Hardware

2025

One Night Build

I Put a Brain in a
Potato-Powered Computer

Local LLM. Local speech recognition. Local existential dread when it tells you the meaning of life is "touch grass, bestie."

Raspberry Pi 5

Python

Ollama

Whisper

Pygame

The Story

Post-Dinner Project Spiral

I had a Raspberry Pi 5 sitting on my desk doing nothing. It's been through a few half-finished projects... a home server that was overkill, a retro gaming setup I never touched. After dinner tonight, I decided to see how far I could push it.

The question: could I build a fully offline voice assistant? Not "offline but phones home for the hard parts," but actually offline. Speech recognition, language model, everything running on this tiny $80 computer with no internet connection. I genuinely didn't know if it would work.

The Pi has 8GB of RAM. That sounds like a lot, but the OS takes a chunk, the speech-to-text model needs memory, and then whatever's left has to run an actual language model. It's tight. Most tutorials I found assumed you had a beefy GPU or were calling cloud APIs.

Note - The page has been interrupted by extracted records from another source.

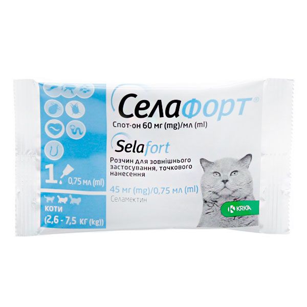 Селафорт краплі від бліх, кліщів і гельмінтів для котів 45мг0,75 мл (2,6-7,5 кг) 2,6-7,5 кг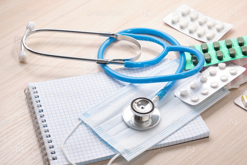 Лекарства, таблетки, медицинский стетоскоп и блокнот для заметок, концепция диагностики заболеваний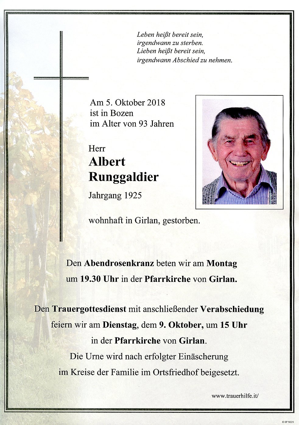 Den Trauergottesdienst mit anschließender Verabschiedung feiern wir am Dienstag dem 9. Oktober um 15 Uhr in der Pfarrkirche von Girlan. Die Urne wird nach erfolgter Einäscherung im Kreise der Familie im Ortsfriedhof beigesetzt.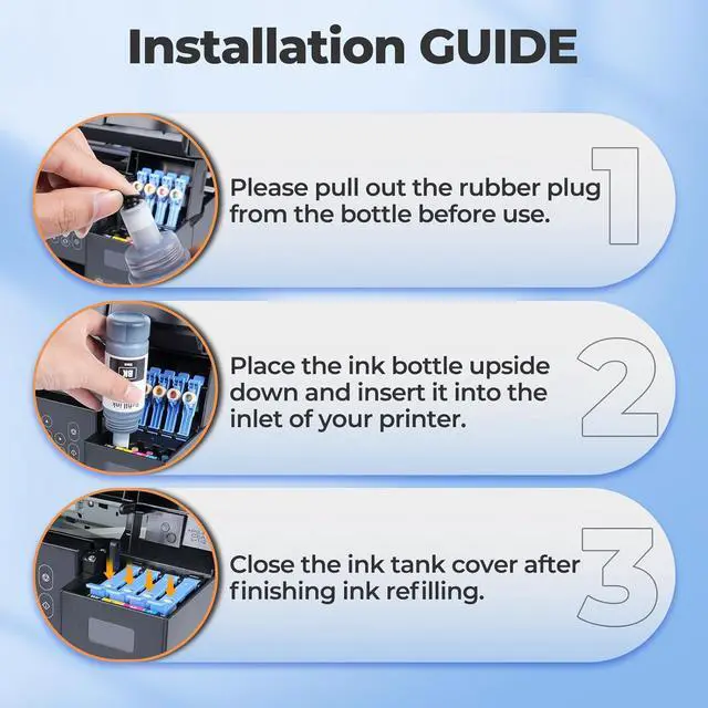Compatible for: ET 2850, ET 3850, ET 4850, ET 4760, ET 3760, ET 2760, ET 3830, ET 3843, ET 2750, ET 4750, ET 3750, ET-2980, ET-2988, ET-3943 printers; for et-2760 ink, et-3760 ink, et-4760 ink, et-2850 ink, et-3850 ink, et-4850 ink, et-15000 ink, et-3830 ink, et-2980 ink, et-2988 ink, et-3943 ink, et-3843 ink; for 2850 ink, 3850 ink, 3843 ink, 4850 ink, 2760 ink, 3760 ink, 4760 ink; for et 3850 ink refill, et 2850 ink refill, et 4850 ink refill, et 2760 ink refill, et 3760 ink refill, et 4760 ink refill, et- 3830 ink refill, et-2850 ink refill bottles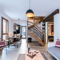 In the heart of Chamonix's charming Lyret district, this elegant 3-star duplex apartment offers a serene retreat with stunning mountain views. Perfectly situated in a quiet yet central location, the residence combines modern comfort with alpine charm, making it an ideal base for exploring the beauty of the Mont Blanc region. Whether you're here for thrilling outdoor adventures or a peaceful escape, this property promises an unforgettable stay. \n\nSpanning 74m², the apartment comfortably accommodates up to six guests across two levels. The lower level features a cozy TV lounge and dining area that opens onto a balcony with breathtaking views of the Brévent Mountains. The fully equipped kitchen is a haven for culinary enthusiasts, complete with an induction hob, oven, microwave, and specialty appliances for raclette, crepes, and fondue. An en-suite double bedroom with balcony access ensures privacy and relaxation, while the upper level offers a flexible sleeping arrangement with a twin bedroom and a bunk room, perfect for families or groups. Modern amenities like Wi-Fi, a washing machine, dryer, and private underground parking add to the convenience. \n\nJust steps from the apartment, you'll find Chamonix's vibrant center with its array of shops, restaurants, and cafes. The nearby Helbronner bus stop and train station provide easy access to the region's top attractions, including the Aiguille du Midi cable car and the Mer de Glace glacier. After a day of skiing, hiking, or sightseeing, return to the comfort of your alpine retreat and unwind on the balcony as the sun sets over the peaks. \n\nChoose this exceptional property for its unbeatable location, modern amenities, and the perfect blend of tranquility and adventure in the heart of the French Alps.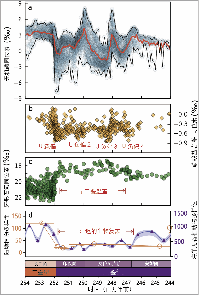 圖1.二疊紀大滅絕后顯著的生物地球化學循環波動與延遲的生物復蘇,圖為由同位素地球化學指標(比如無機碳同位素、牙形石氧同位素,碳酸鹽巖鈾同位素等)表達的多種環境因子出現長達600萬年劇烈震蕩時期。

But I had a touchscreen attached, which got me thinking about the interface. If I'm building something for a little screen with no keyboard, it should feel different than a terminal app. Falling green code, CRT scanlines, typewriter text... the Matrix aesthetic was mostly a joke, but it stuck.

The Experience

Tap. Speak. Receive.

The first time it worked, actually worked, was surreal. I tapped the screen, asked a question, watched the little red recording dot, then saw text start appearing character by character. No loading spinner. No network request. Just the Pi doing math and generating a response from nothing but local compute.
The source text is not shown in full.